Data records

:::

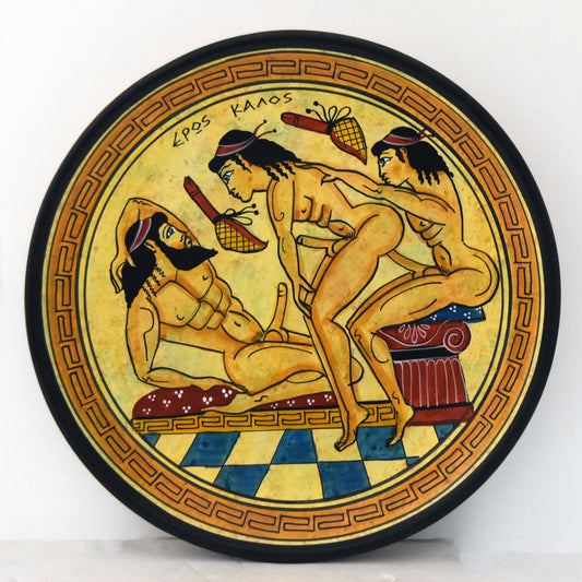 Homoerotic Scene between Three Males - Athens, 500 BC - Love is shown more in deeds than in words - Ceramic - Handmade in Greece
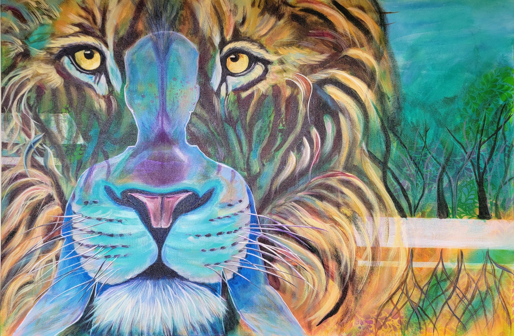 The fusion of the lion and the forest within the meditating man's being symbolizes the profound connection between humans, nature, and the majestic creatures that inhabit it. As the man taps into the depths of his wisdom and courage, he becomes a steward of the wilderness, embracing the role of a guardian for the environment.
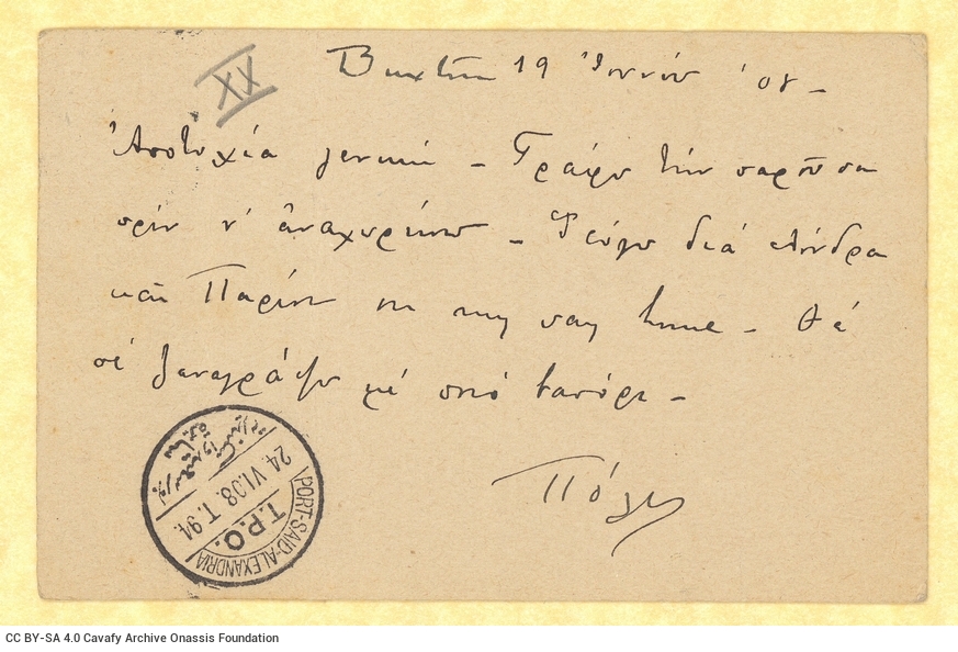 SF002 - Εισερχόμενη αλληλογραφία από τον Παύλο Καβάφη
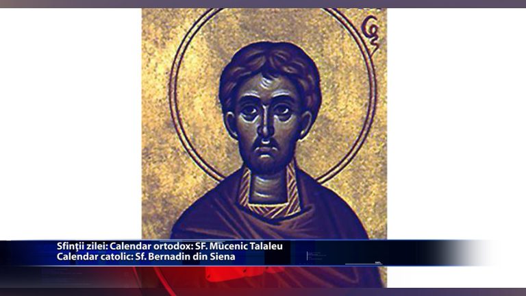 Pe 20 mai, in biserica ortodoxa este praznuit Sfantul Mucenic Talaleu. Pe 20 mai, romano-catolicii il venereaza pe Sfantul Bernardin din Siena. https://youtu.be/JBL68AU9_vo
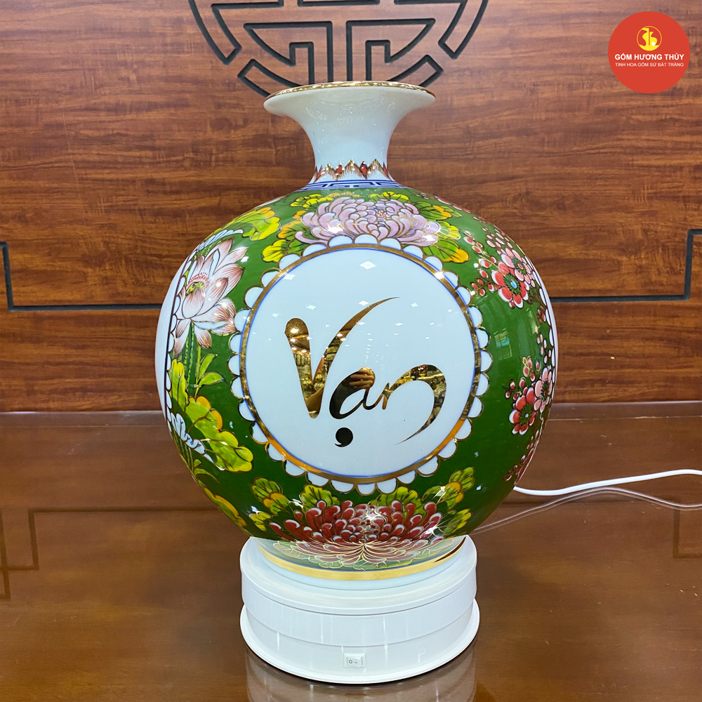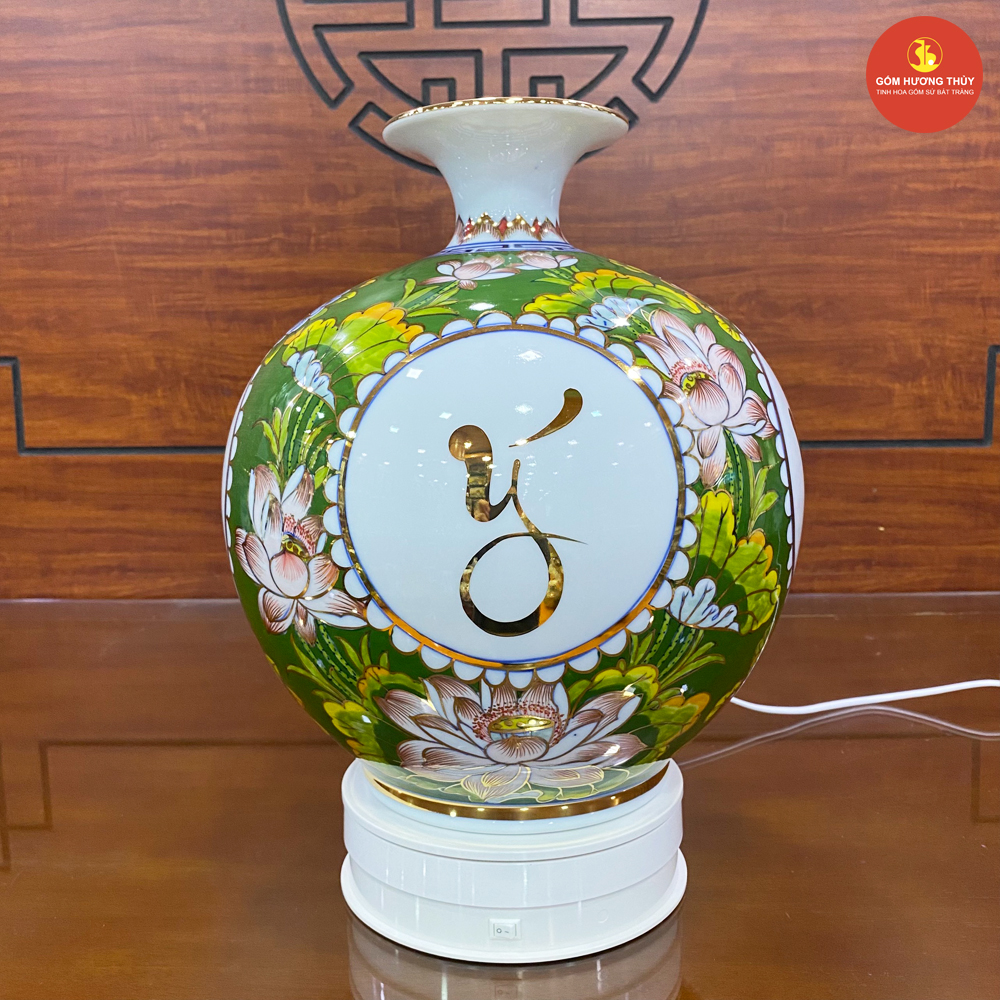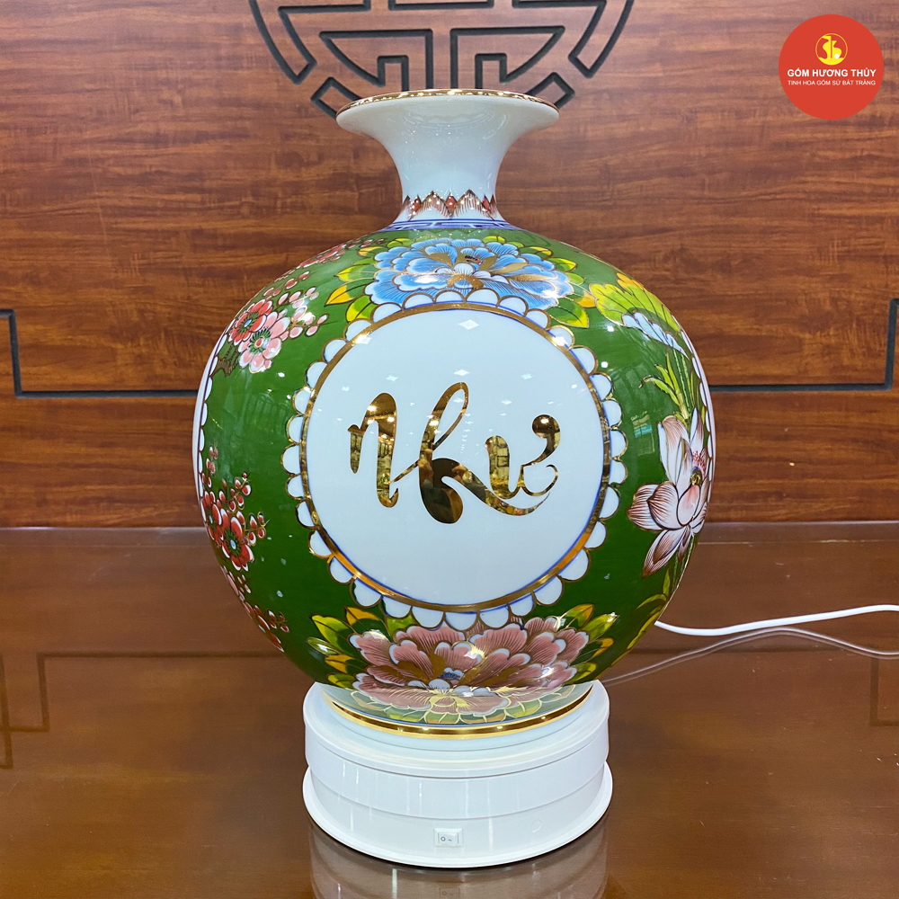 TÊN SẢN PHẨM: Bình hút lộc H35 Vạn Sự Như Ý nền xanh lá Vẽ vàng 24K

:::

▶ The task: Quote, please, only the lines running from the one with "Pe 20 mai, in" down to the final line of the data above, keeping both ends and skipping the pictures.

▶ Solution to this task:
 Pe 20 mai, in biserica ortodoxa este praznuit Sfantul Mucenic Talaleu. Pe 20 mai, romano-catolicii il venereaza pe Sfantul Bernardin din Siena. https://youtu.be/JBL68AU9_vo
 TÊN SẢN PHẨM: Bình hút lộc H35 Vạn Sự Như Ý nền xanh lá Vẽ vàng 24K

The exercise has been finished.